There is only one subtle difference between the SHA-256 code and SHA-512 code. To add the round constant, SHA-256 simply uses a 32-bit immediate displacement in an LEA instruction. But for the 64-bit round constants in SHA-512, they can’t be used in a displacement, and can only be used as an operand of MOV. So this introduced an extra step of MOVing the constant into a temporary register followed by performing an ADD.

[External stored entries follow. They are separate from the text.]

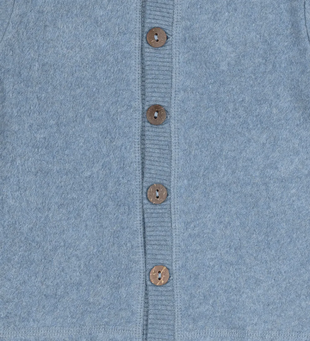 Lækker Mikk-Line fleecetrøje i en skøn blå farve med gennemgående brune knapper fortil. Fleecetrøjen har en blød, spids hætte og lange ærmer. Den har ribkanter i åbningen fortil samt i ærmerne. Fleecetrøjen har en lomme i hver side og er fremstillet i en meget blød og lun kvalitet.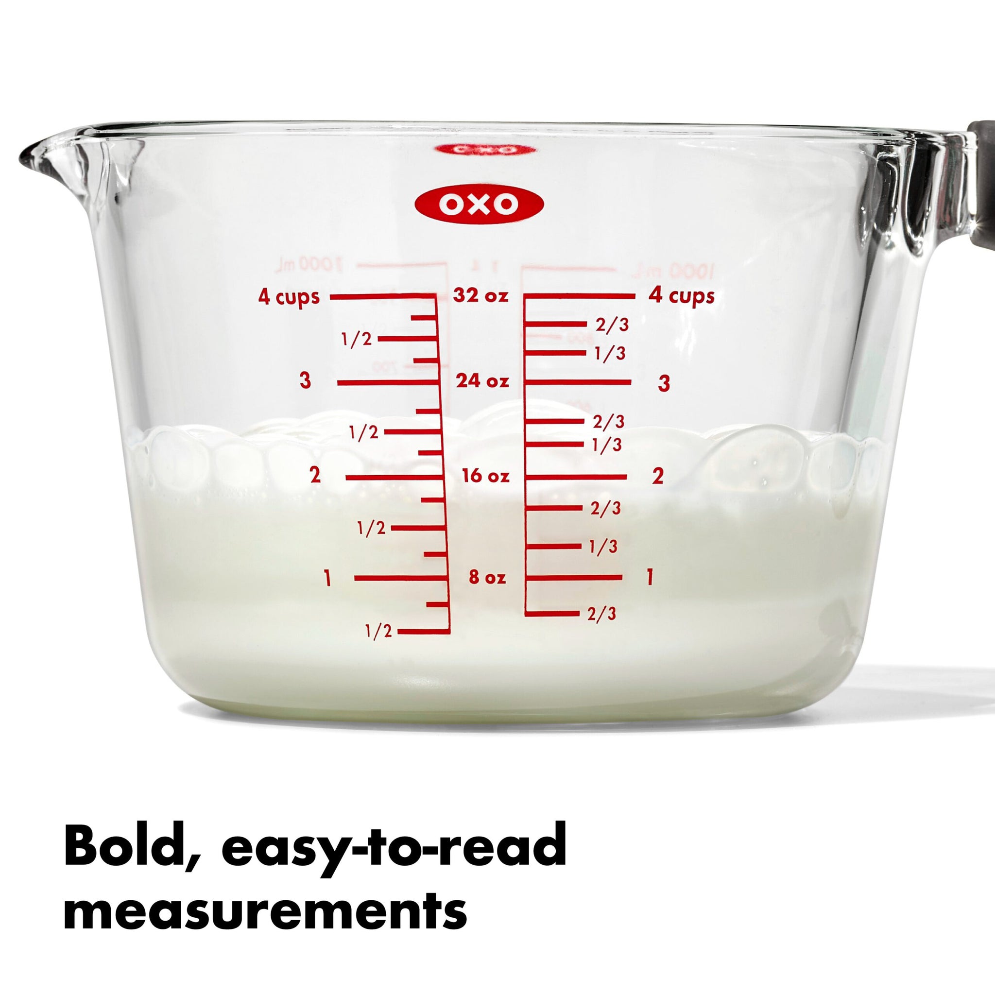 Make measuring, pouring, and storing liquids a breeze with the OXO Good Grips 1000ml Glass Measuring Cup. Its thermal shock resistant Borosilicate glass allows you to take it straight from the fridge to the oven or microwave. With an easy-to-read measurement markings and a non-slip handle, it's the perfect addition to any kitchen.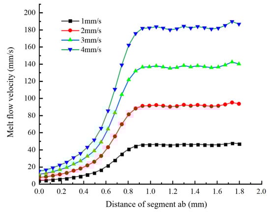 Figure 4 shows the changing trend of the melt flow velocity along segment ab under different wire feeding speeds (1 mm/s, 2 mm/s, 3 mm/s, and 4 mm/s). It can be seen that the changing trends of the melt flow velocity in the axial direction of the nozzle outlet under different wire feeding speeds are similar. They all rise first, then reach the maximum velocity range, change within this range, and, finally, tend to be stable. In other words, the melt velocity increases rapidly within the converging section of the nozzle and reaches the maximum level after moving a certain distance along the outlet. As the wire feeding speed increases (by 1 mm/s), the velocity at the inlet of the converging section increases steadily at a rate of 3.6 mm/s and reaches the maximum value (14.52 mm/s) when the wire feeding speed is 4 mm/s. Under different wire feeding speeds, the maximum extrusion velocities of the melt are 46.66 mm/s, 93.31 mm/s, 139.97 mm/s, and 186.62 mm/s, respectively. When the wire feeding speed increases by 1 mm/s, the maximum extrusion velocity of the melt increases steadily at a rate of 46.65 mm/s. This indicates that the extrusion velocity of the melt increases linearly with the linear increase of the wire feeding speed, also conforming to the pipe flow formula . It can be known that, when the flow rate is fixed and the inlet velocity and cross-sectional area are certain, the smaller the outlet cross-sectional area, the faster the outflow velocity.

Register allocation was a breeze and there was no pressure whatsoever. 8 registers were used for the state variables, 4 for temporary arithmetic, 2 for argument array addresses, 1 for the stack, and 1 spare.

Regarding the x86 code:

For SHA-256, there were barely enough registers to hold the temporary results of calculations and to cache some values loaded from memory (to avoid loading more than once), so all 8 state variables had to be stored on the stack. Other than that, the SHA-256 code has no registers spills. The code is essentially the same as the x86-64 version, except with a different calling convention and with the state variables being stored on the stack.

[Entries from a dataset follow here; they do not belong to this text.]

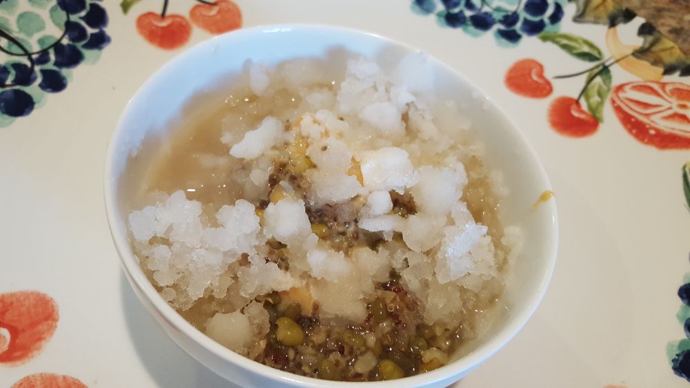 还有炒土豆丝、西红柿炒蛋,配绿豆粥,老公一个人的晚餐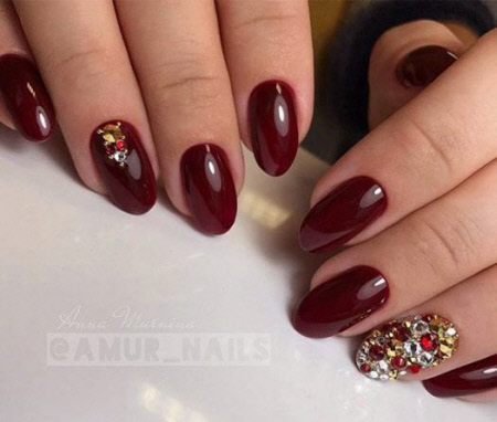 Burgunder Nageldesign mit Steinen und Strasssteinen: Foto 2024-2025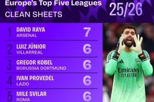 體育資訊11月21日訊 五大聯(lián)賽戰(zhàn)火即將重燃,數(shù)據(jù)機(jī)構(gòu)squakwa也統(tǒng)計(jì)了本賽季五大聯(lián)賽門將零封場(chǎng)次榜,槍手門將拉亞居首。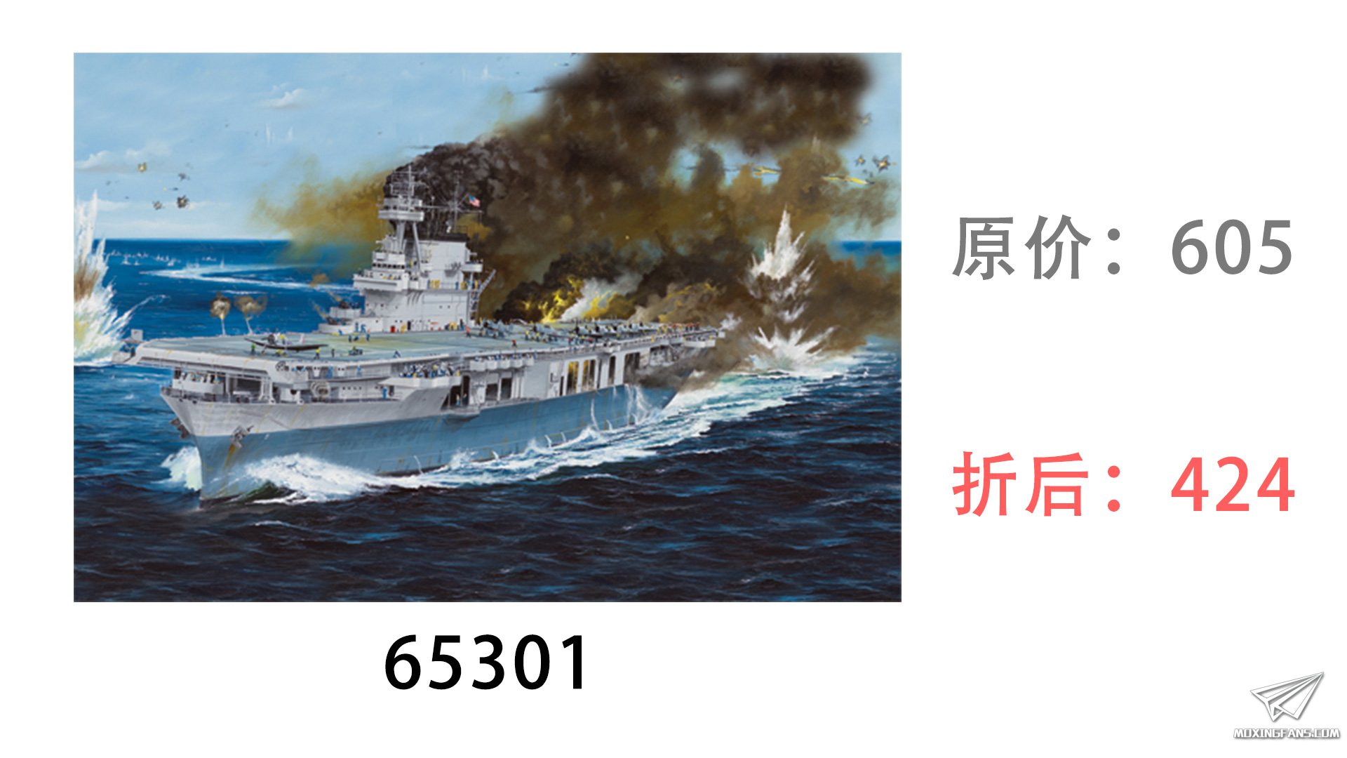 18,再来看两条1/350的航母,分别是现代的肯尼迪号和二战的约克城号。再350航母领域小号手有绝对的霸主地位,基本上没有竞争对手,有看中的闭眼买就行了。肯尼迪原价796元,现价557元,约克城原价605元,现价424元,四五百买350的航母,想想就刺激。

For SHA-512, the code was rewritten to use 64-bit MMX registers and SSE2 64-bit integer operations such as PADDQ and PSLLQ, as well as occasionally using XMM registers and 128-bit operations. It uses very few general-purpose registers, eliminating the need to touch callee-save registers.

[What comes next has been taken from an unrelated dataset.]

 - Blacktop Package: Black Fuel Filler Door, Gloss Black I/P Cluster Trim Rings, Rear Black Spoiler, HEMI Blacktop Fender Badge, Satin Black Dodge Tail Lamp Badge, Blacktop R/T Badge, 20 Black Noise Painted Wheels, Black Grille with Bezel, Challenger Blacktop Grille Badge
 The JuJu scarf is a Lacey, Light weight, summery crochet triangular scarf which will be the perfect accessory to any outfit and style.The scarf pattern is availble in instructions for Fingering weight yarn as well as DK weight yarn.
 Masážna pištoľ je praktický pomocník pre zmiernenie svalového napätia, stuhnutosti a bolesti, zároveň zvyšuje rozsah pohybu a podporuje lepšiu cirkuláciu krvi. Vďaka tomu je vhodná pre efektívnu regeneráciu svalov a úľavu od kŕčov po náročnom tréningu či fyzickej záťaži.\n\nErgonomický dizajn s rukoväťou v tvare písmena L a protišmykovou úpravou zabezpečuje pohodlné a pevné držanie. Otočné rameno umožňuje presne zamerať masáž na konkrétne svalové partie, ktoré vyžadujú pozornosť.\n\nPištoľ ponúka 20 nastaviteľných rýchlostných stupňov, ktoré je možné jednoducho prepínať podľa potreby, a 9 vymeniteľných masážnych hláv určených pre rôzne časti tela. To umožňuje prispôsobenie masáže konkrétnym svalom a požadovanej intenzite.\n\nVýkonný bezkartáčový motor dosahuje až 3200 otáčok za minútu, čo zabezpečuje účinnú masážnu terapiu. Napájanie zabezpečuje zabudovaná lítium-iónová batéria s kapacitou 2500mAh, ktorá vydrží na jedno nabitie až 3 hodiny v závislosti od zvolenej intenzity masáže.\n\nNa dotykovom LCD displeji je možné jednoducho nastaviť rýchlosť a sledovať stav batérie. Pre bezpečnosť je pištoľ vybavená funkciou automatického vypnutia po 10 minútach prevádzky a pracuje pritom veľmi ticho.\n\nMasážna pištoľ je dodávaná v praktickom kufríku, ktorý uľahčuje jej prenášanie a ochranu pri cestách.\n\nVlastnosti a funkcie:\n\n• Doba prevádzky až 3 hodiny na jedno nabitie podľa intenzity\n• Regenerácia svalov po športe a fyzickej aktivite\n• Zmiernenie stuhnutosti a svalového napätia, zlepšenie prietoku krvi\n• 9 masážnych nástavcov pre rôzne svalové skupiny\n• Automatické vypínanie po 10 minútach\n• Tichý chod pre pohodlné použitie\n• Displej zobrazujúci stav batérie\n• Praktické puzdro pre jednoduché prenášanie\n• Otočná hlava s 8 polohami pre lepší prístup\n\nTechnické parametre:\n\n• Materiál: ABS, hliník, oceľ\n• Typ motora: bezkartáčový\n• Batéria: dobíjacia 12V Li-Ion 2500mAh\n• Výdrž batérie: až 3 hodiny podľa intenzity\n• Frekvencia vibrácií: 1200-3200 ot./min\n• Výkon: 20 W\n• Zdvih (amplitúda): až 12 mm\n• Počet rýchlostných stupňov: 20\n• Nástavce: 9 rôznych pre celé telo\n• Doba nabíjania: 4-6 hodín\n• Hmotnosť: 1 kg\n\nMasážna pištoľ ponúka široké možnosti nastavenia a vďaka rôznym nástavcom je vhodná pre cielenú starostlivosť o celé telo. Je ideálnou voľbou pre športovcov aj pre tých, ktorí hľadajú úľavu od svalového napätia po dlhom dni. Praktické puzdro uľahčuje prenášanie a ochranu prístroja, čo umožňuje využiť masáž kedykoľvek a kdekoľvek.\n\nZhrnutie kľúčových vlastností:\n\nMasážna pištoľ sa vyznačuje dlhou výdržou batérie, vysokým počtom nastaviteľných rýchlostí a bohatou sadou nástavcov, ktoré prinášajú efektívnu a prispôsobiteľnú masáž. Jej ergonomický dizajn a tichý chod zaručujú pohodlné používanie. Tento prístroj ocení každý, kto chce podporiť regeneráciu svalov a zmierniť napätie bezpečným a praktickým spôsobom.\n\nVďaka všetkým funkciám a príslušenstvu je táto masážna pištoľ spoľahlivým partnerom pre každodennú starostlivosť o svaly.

The earlier published version of the code used only 32-bit operations on general-purpose integer registers and expanded the entire message schedule ahead of the rounds (instead of generating the schedule on the fly in a circular buffer). As a result, it ran at about 60% of the speed of the current code. The 64-bit variables were loaded and stored as two 32-bit words, and the 64-bit arithmetic had to be emulated using multiple 32-bit operations. The bitwise operations AND, OR, and XOR were easy to implement, and only slightly harder were addition, bit shift, and bit rotation. The ADC, SHLD, and SHRD instructions were extremely convenient for this emulation, and I’m especially thankful for SHLD and SHRD being included in the instruction set.